> **WHAT THIS TASK INVOLVES**
If a record contains a picture, skip the picture and transcribe the rest exactly.

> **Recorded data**
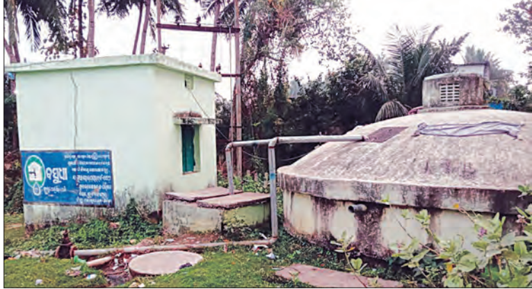
ଚନ୍ଦ୍ରାପୁର ଚଣା ଅଠରବୀଟିଆ, ଛେଡ଼ାପଦର, ଛଟନପୁର, ଭେଲୋରା, ଗବପଦର ଓ ହଜାର ଜନସାଧାରଣ ବାସ କରନ୍ତି। ବାଲୁଗା ଜଳନପୁର, ଭେଲୋରା, ଗବପଦର ଓ କ୍ଷୁଦ୍ର ସହରକୁ ଅଠରବୀଟିଆ ପଞ୍ଚାୟତ ରାସ୍ତା ଦେଇ ପାଇପ୍ ଯୋଗେ ପାନୀୟ ଜଳ ଯୋଗାଇ ଦିଆଯାଉଥିବା ଅତି ଛଅ ଖଣ୍ଡ ଗ୍ରାମର ପ୍ରାୟ ୧୦

କେନ୍ଦ୍ର ଓ ରାଜ୍ୟ ସରକାର ଲୋକଙ୍କୁ ପାନୀୟ ଜଳ ଯୋଗାଇ ଉପରେ ଗୁରୁତ୍ୱ ଦେଇ ଏଥି ନିମନ୍ତେ କୋଟି କୋଟି ଟଙ୍କା ବିନିଯୋଗ କରୁଛନ୍ତି। ସରକାରଙ୍କ ତରଫରୁ ପ୍ରତ୍ୟେକ ଗ୍ରାମରେ ଘରକୁ ଘର ପାଇପ ବିଛାଇ ପାନୀୟ ଜଳ ଯୋଗାଇ ଦେବା ଲାଗି ଷଡ଼ତ ଡାକ୍ତରୀ ଯୋଜନା କରାଯାଇଅଛି। ତେବେ ବିଭାଗୀୟ କର୍ତ୍ତୃପକ୍ଷଙ୍କ ଅବହେଳା ଯୋଗୁଁ ଏହି ଯୋଜନା ଅନେକ ପଞ୍ଚାୟତରେ ବିପଦ ହୋଇଥିବାର ଦେଖିବାକୁ ମିଳିଛି। ଖୋର୍ଦ୍ଧା ଜିଲ୍ଲାର ତିଲିକା ବ୍ଲକ ଅନ୍ତର୍ଗତ ଅଠରବୀଟିଆ ପଞ୍ଚାୟତରେ ଯୋଜନା ବାମନେଣା ହୋଇଥିବା ଦେଖାଦେଇଛି।
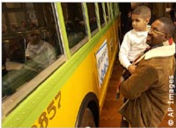
Un hombre y su hijo observan el autobús en que Rosa Parks rehusó ceder su asiento en Montgomery, Alabama, en 1955
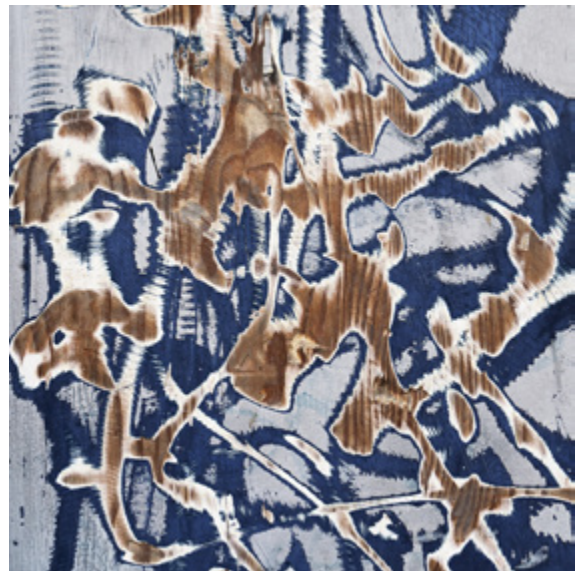
Alexandra Hedison, Found Paintings #38 (The In Between) , 2017, Impression jet d'encre sur papier de qualité muséale, 42 x 42 cm, Edition de 5
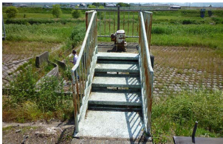
【笹尾川・高江第一号用水樋管】
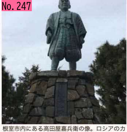
根室市内にある高田屋嘉兵衛の像。ロシアのカ ムチャッカ半島には、ロシア側が高田屋嘉兵衛 の名前を付けた山があるらしい。
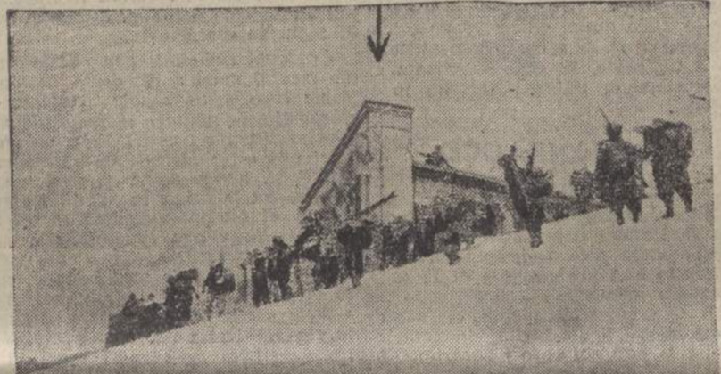
Rifugio e monumento agli Alpini sul Monte Nero

Il gruppo del ten. col. Tardif doveva attaccare sul rovescio, sviluppando l'azione sul Vralo col Battaglione Sues; il Gruppo del ten. col. Tedeschi doveva attaccare di fronte col Battaglione Exilles. L'esito dell'operazione aveva fondamento e probabilità unicamente sull'iniziativa e sull'eroismo dei singoli combattenti.
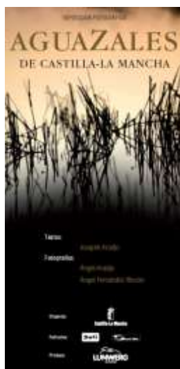
Velero de presentación
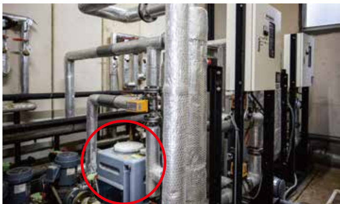
塩素系滅菌剤 投入装置

大浴場の浴槽には感染症を防ぐために濾過したお湯に 塩素系滅菌剤 を投入して循環させています。
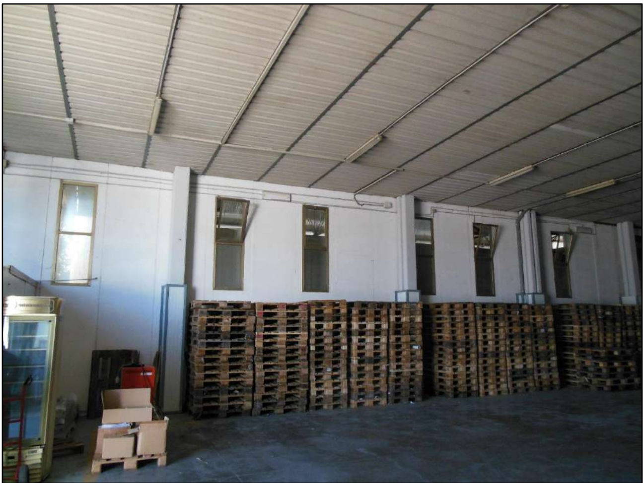
Figura 6: Distribuzione delle aperture sulla parete del magazzino
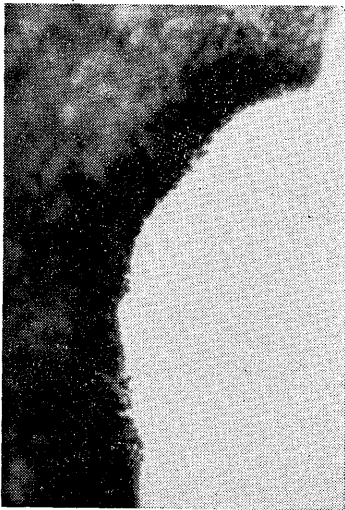
写真4 頭部辺縁に密集している眼点

部から尾端までみられた(写真3)。虫体を clove oil で透明化し、眼点の分布をみると、頭部辺縁から頭部辺縁、体部辺縁にかけて多数が播種状に存在している。とくに頭部辺縁に密集していた(写真4)。口は体長中央部よりわずか後方の位置、すなわち頭端より 57 mm に開口していた。生殖孔は、口から尾端までの前 1/3 の位置、すなわち頭端より 71 mm に開口していた(写真5)。
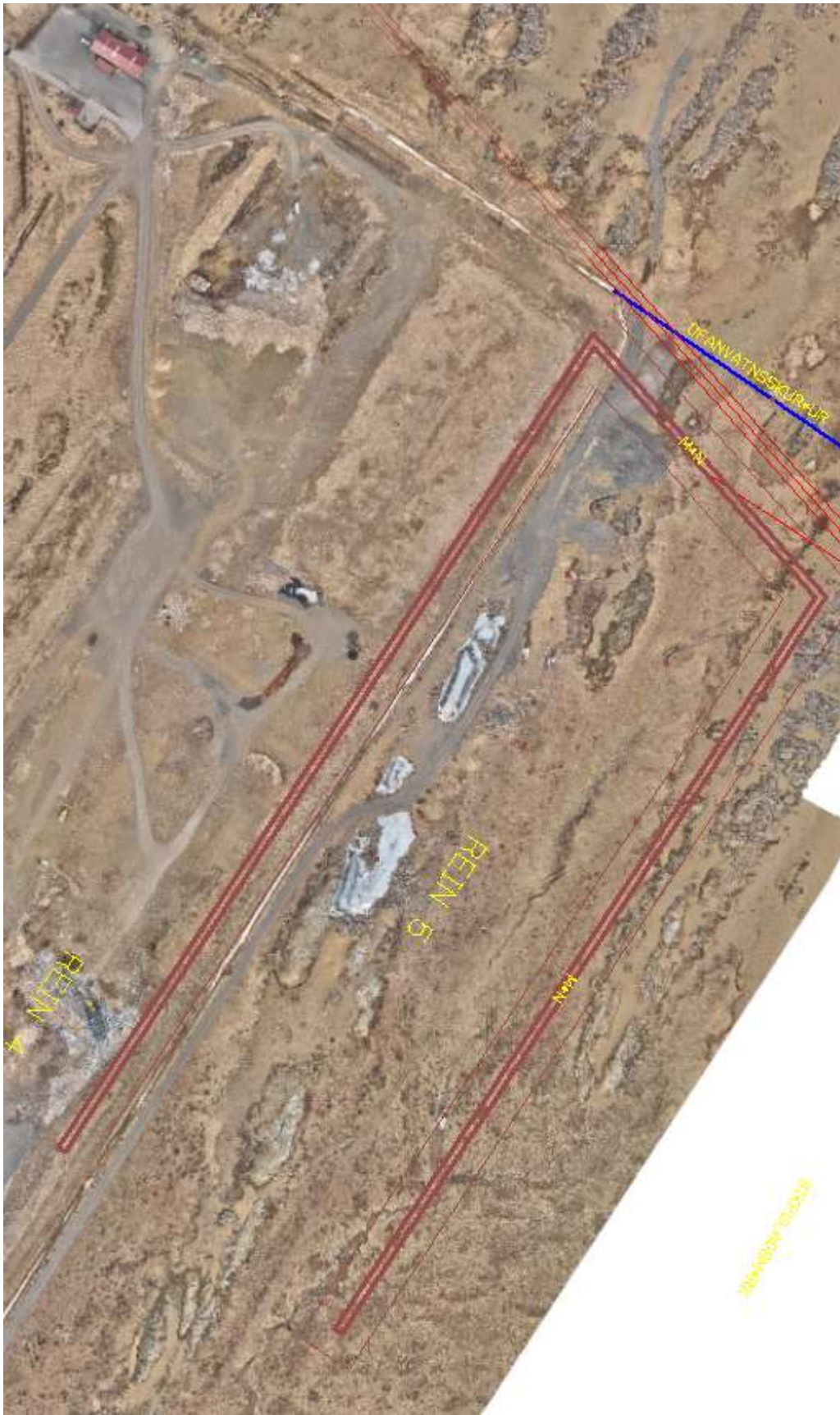
Mynd 5. Rein 4 sem áætlað er að fyllist innan tveggja ára og rein 5 sem kæmi við hlið hennar.
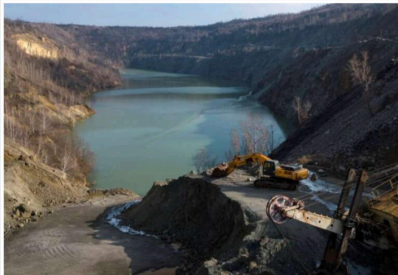
Американці наполягають на "дуже суворій" угоді з Києвом про передачу контролю над ресурсами, - нардеп

Цю інформацію надав народний депутат Олексій Гончаренко.
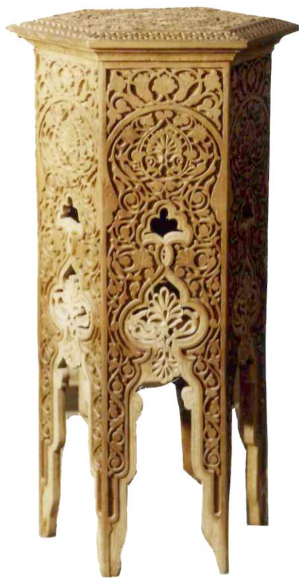
YOG'UCH O'YMAKORLIGI KURSISI

> **RESULT OF THE TASK**
ଚନ୍ଦ୍ରାପୁର ଚଣା ଅଠରବୀଟିଆ, ଛେଡ଼ାପଦର, ଛଟନପୁର, ଭେଲୋରା, ଗବପଦର ଓ ହଜାର ଜନସାଧାରଣ ବାସ କରନ୍ତି। ବାଲୁଗା ଜଳନପୁର, ଭେଲୋରା, ଗବପଦର ଓ କ୍ଷୁଦ୍ର ସହରକୁ ଅଠରବୀଟିଆ ପଞ୍ଚାୟତ ରାସ୍ତା ଦେଇ ପାଇପ୍ ଯୋଗେ ପାନୀୟ ଜଳ ଯୋଗାଇ ଦିଆଯାଉଥିବା ଅତି ଛଅ ଖଣ୍ଡ ଗ୍ରାମର ପ୍ରାୟ ୧୦

କେନ୍ଦ୍ର ଓ ରାଜ୍ୟ ସରକାର ଲୋକଙ୍କୁ ପାନୀୟ ଜଳ ଯୋଗାଇ ଉପରେ ଗୁରୁତ୍ୱ ଦେଇ ଏଥି ନିମନ୍ତେ କୋଟି କୋଟି ଟଙ୍କା ବିନିଯୋଗ କରୁଛନ୍ତି। ସରକାରଙ୍କ ତରଫରୁ ପ୍ରତ୍ୟେକ ଗ୍ରାମରେ ଘରକୁ ଘର ପାଇପ ବିଛାଇ ପାନୀୟ ଜଳ ଯୋଗାଇ ଦେବା ଲାଗି ଷଡ଼ତ ଡାକ୍ତରୀ ଯୋଜନା କରାଯାଇଅଛି। ତେବେ ବିଭାଗୀୟ କର୍ତ୍ତୃପକ୍ଷଙ୍କ ଅବହେଳା ଯୋଗୁଁ ଏହି ଯୋଜନା ଅନେକ ପଞ୍ଚାୟତରେ ବିପଦ ହୋଇଥିବାର ଦେଖିବାକୁ ମିଳିଛି। ଖୋର୍ଦ୍ଧା ଜିଲ୍ଲାର ତିଲିକା ବ୍ଲକ ଅନ୍ତର୍ଗତ ଅଠରବୀଟିଆ ପଞ୍ଚାୟତରେ ଯୋଜନା ବାମନେଣା ହୋଇଥିବା ଦେଖାଦେଇଛି।
Un hombre y su hijo observan el autobús en que Rosa Parks rehusó ceder su asiento en Montgomery, Alabama, en 1955
Alexandra Hedison, Found Paintings #38 (The In Between) , 2017, Impression jet d'encre sur papier de qualité muséale, 42 x 42 cm, Edition de 5
【笹尾川・高江第一号用水樋管】
根室市内にある高田屋嘉兵衛の像。ロシアのカ ムチャッカ半島には、ロシア側が高田屋嘉兵衛 の名前を付けた山があるらしい。
Rifugio e monumento agli Alpini sul Monte Nero

Il gruppo del ten. col. Tardif doveva attaccare sul rovescio, sviluppando l'azione sul Vralo col Battaglione Sues; il Gruppo del ten. col. Tedeschi doveva attaccare di fronte col Battaglione Exilles. L'esito dell'operazione aveva fondamento e probabilità unicamente sull'iniziativa e sull'eroismo dei singoli combattenti.
Velero de presentación
塩素系滅菌剤 投入装置

大浴場の浴槽には感染症を防ぐために濾過したお湯に 塩素系滅菌剤 を投入して循環させています。
Figura 6: Distribuzione delle aperture sulla parete del magazzino
写真4 頭部辺縁に密集している眼点

部から尾端までみられた(写真3)。虫体を clove oil で透明化し、眼点の分布をみると、頭部辺縁から頭部辺縁、体部辺縁にかけて多数が播種状に存在している。とくに頭部辺縁に密集していた(写真4)。口は体長中央部よりわずか後方の位置、すなわち頭端より 57 mm に開口していた。生殖孔は、口から尾端までの前 1/3 の位置、すなわち頭端より 71 mm に開口していた(写真5)。
Mynd 5. Rein 4 sem áætlað er að fyllist innan tveggja ára og rein 5 sem kæmi við hlið hennar.
Американці наполягають на "дуже суворій" угоді з Києвом про передачу контролю над ресурсами, - нардеп

Цю інформацію надав народний депутат Олексій Гончаренко.
YOG'UCH O'YMAKORLIGI KURSISI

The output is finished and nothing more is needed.